We believe our present leasehold position in the Marcellus and Huron shale fairways contains 7–12 Tcf of potential reserves.
Other
We drilled and completed 26 gross (24.3 net) wells in our Permian area Canyon Sand Field during the fourth quarter and achieved a 96% success rate. This brings the total number of wells drilled during 2008 in this field to 118 gross (111.2 net) with a 98% success rate. In 2009, we will drill two wells to earn 11,000 net contiguous acres under a joint venture and will evaluate recently acquired 3-D seismic over approximately 35,000 net acres adjacent to the Canyon Sand Field. Our total leasehold in this area is approximately 77,000 net acres. Fourth quarter net production of 25.9 Mmcfe per day is up from less than 20 Mmcfe per day in November 2007 when EXCO took over operations.
Our Mid-Continent division production averaged approximately 66 Mmcfe per day during the fourth quarter 2008. In the Mid-Continent, we drilled 12 gross (7.4 net) wells and achieved a 92% success rate. While we had one rig running at year end, no rigs are currently running in the Mid-Continent division.
Midstream
During the fourth quarter 2008, we continued to see positive results from our midstream operations. Throughput on our transportation and gathering systems in East Texas and North Louisiana was 554 Mmcf per day for the fourth quarter 2008, up from 522 Mmcf per day in the third quarter 2008, and presently exceeds 570 Mmcf per day. In 2009, we will be focused on the installation of our 29 mile Haynesville Header system, which will be strategically located near our Haynesville shale development in northwest Louisiana. The first phase of the project is expected to be operational in the third quarter of 2009. When complete, the system will have throughput capacity of 450 Mmcf per day at 500 psi, expandable to more than 1.0 Bcf per day with added compression. This pipeline installation program will ensure that we and other third party producers have access to multiple gas markets.
Financial Data
Our consolidated balance sheets as of December 31, 2008 and 2007 and consolidated statements of operations for the three months and years ended December 31, 2008 and 2007, and consolidated statements of cash flows for the years ended December 31, 2008 and 2007, are included on the following pages. We have also included reconciliations of non-GAAP financial measures referred to in this press release which have not been previously reconciled.
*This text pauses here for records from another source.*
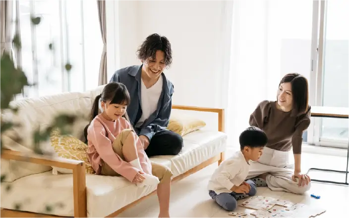 敷地内2台目の駐車場にも対応した平置き駐車場を153%以上確保。住まうご家族のカーライフをサポートします。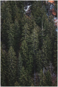 Aerial view of dense evergreen forest in Germany,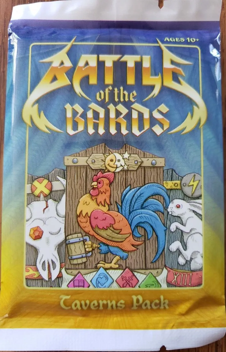 Battle of the Bards is a dice-rolling card game with aspects of deck-building set in the fantasy world of Tessandor. Players create performances, recruit bards, and work with their roadies to capture audiences in a race to become the best bard troupe.
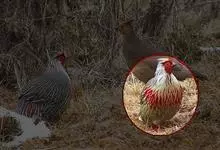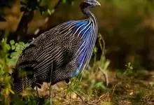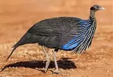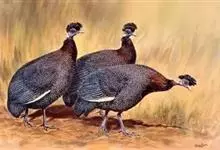 鹫珠鸡:是珠鸡科中体形最大的一种,因头颈部像兀鹫而得名。雌雄羽色相似,为黑色基底上遍布白色点斑,如同珍珠。以各种植物的种子和小型动物为食。走禽。体结实,喙短,呈圆锥形,适于啄食植物种子;脚强健,具锐爪,…全部>>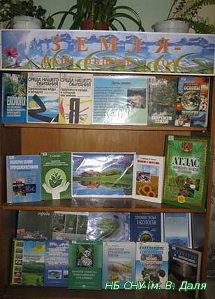 Увазі користувачів наукова бібліотека СНУ ім. В. Даля пропонує книжкову виставку «Земля – наш спільний дім». На ній представлена література за однією з найактуальніших проблем сучасності – забруднення та погіршення стану навколишнього середовища та охорони природи, безпеки життєдіяльності в природному середовищі і раціонального природокористування, а також озеленення наших міст і ландшафтної архітектури. ![]() ![]() |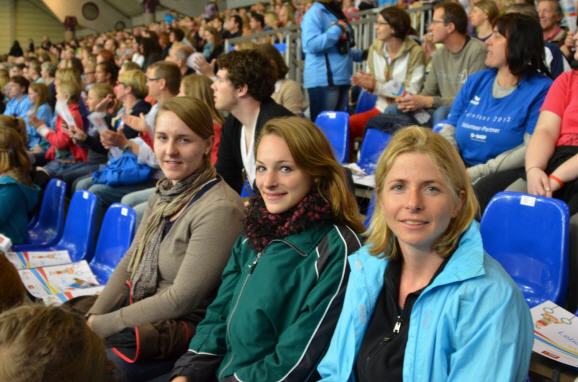 Das alle 4 Jahre stattfindende Internationale Deutsche Turnfest fand vom 18. bis 25 Mai 2013 in der Metropolregion Rhein-Neckar statt. Im Hinblick auf die Aufteilung der Veranstaltungen und Wettkämpfe auf Mannheim, Ludwigshafen, Heidelberg, Schwetzingen sowie die umliegenden Gemeinden und die damit verbundenen „langen Wege“ statteten Andrea, Nadine und Tanja dem Turnfest lediglich einen Kurzbesuch ab. |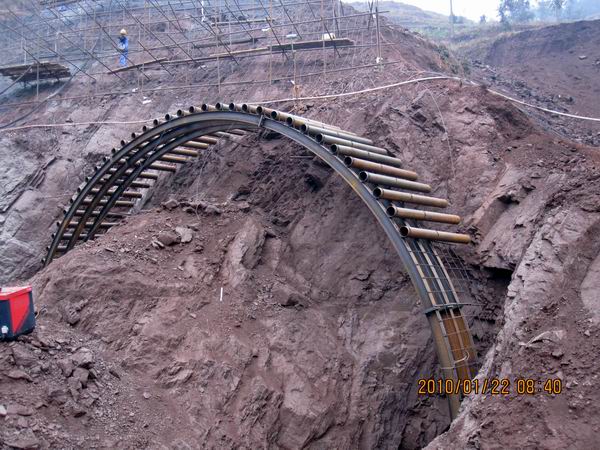 惡劣的自然環(huán)境和復(fù)雜的地方問(wèn)題,使雨壩隧道進(jìn)洞前的籌備工作異常艱辛。項(xiàng)目經(jīng)理劉曉晗和總工胡學(xué)祥數(shù)次趕赴業(yè)主等單位,反映問(wèn)題和請(qǐng)求解決問(wèn)題,并請(qǐng)來(lái)各級(jí)安全監(jiān)理到施工現(xiàn)場(chǎng)協(xié)商施工隊(duì)住房場(chǎng)地的選擇點(diǎn)。地方辦負(fù)責(zé)人邵子俊同志幾乎整日奔波于縣指揮部、鄉(xiāng)政府、派出所、供電所之間……。功夫不負(fù)有心人,在大家多方面的努力下,最終住房場(chǎng)地通過(guò)了監(jiān)理安全的驗(yàn)收,其他標(biāo)段因村民堵路導(dǎo)致的交通問(wèn)題、拆遷問(wèn)題、搶挖煤?jiǎn)栴}得到解決,施工用電也通暢無(wú)阻。與此同時(shí),施工隊(duì)方面完成所有機(jī)器設(shè)備的安裝和調(diào)試工作,前期所需鋼材均已全部進(jìn)場(chǎng),各班組人員基本到位?,F(xiàn)已完成左洞邊仰坡開(kāi)挖和防護(hù),套拱施工、管棚施工正加班加點(diǎn)進(jìn)行施工,右洞也已進(jìn)入套拱施工階段;所有施工工序正有條不紊的進(jìn)行。至此,雨壩隧道進(jìn)洞前工作全部完成,同時(shí)也宣告了安徽路橋水盤(pán)項(xiàng)目的隧道工程取得了階段性的勝利。

EXCO will host a conference call on Wednesday, February 25, 2009 at 11:00 a.m. (Dallas time) to discuss the contents of this release and respond to questions. Please call (800) 309-5788 if you wish to participate, and ask for the EXCO conference call ID# 82871332. The conference call will also be webcast on EXCO’s website at http://www.excoresources.com under the Investor Relations tab. Presentation materials related to this release will be posted on EXCO’s website on Tuesday, February 24, 2009, after market close.
A digital recording will be available starting two hours after the completion of the conference call until 11:59 p.m., March 11, 2009. Please call (800) 642-1687 and enter conference ID# 82871332 to hear the recording. A digital recording of the conference call will also be available on EXCO’s website.
Additional information about EXCO Resources, Inc. may be obtained by contacting EXCO’s Chairman, Douglas H. Miller, or its President, Stephen F. Smith, at EXCO’s headquarters, 12377 Merit Drive, Suite 1700, Dallas, TX 75251, telephone number (214) 368-2084, or by visiting EXCO’s website at http://www.excoresources.com. EXCO’s SEC filings and press releases can be found under the Investor Relations tab.
We believe that it is important to communicate our expectations of future performance to our investors. However, events may occur in the future that we are unable to accurately predict, or over which we have no control. You are cautioned not to place undue reliance on a forward-looking statement. When considering our forward-looking statements, keep in mind the risk factors and other cautionary statements in this presentation, and the risk factors included in the Annual Report on Form 10-K for the year ended December 31, 2008 to be filed on or about February 26, 2009, our Annual Report on Form 10-K for the year ended December 31, 2007, and our other periodic filings with the SEC.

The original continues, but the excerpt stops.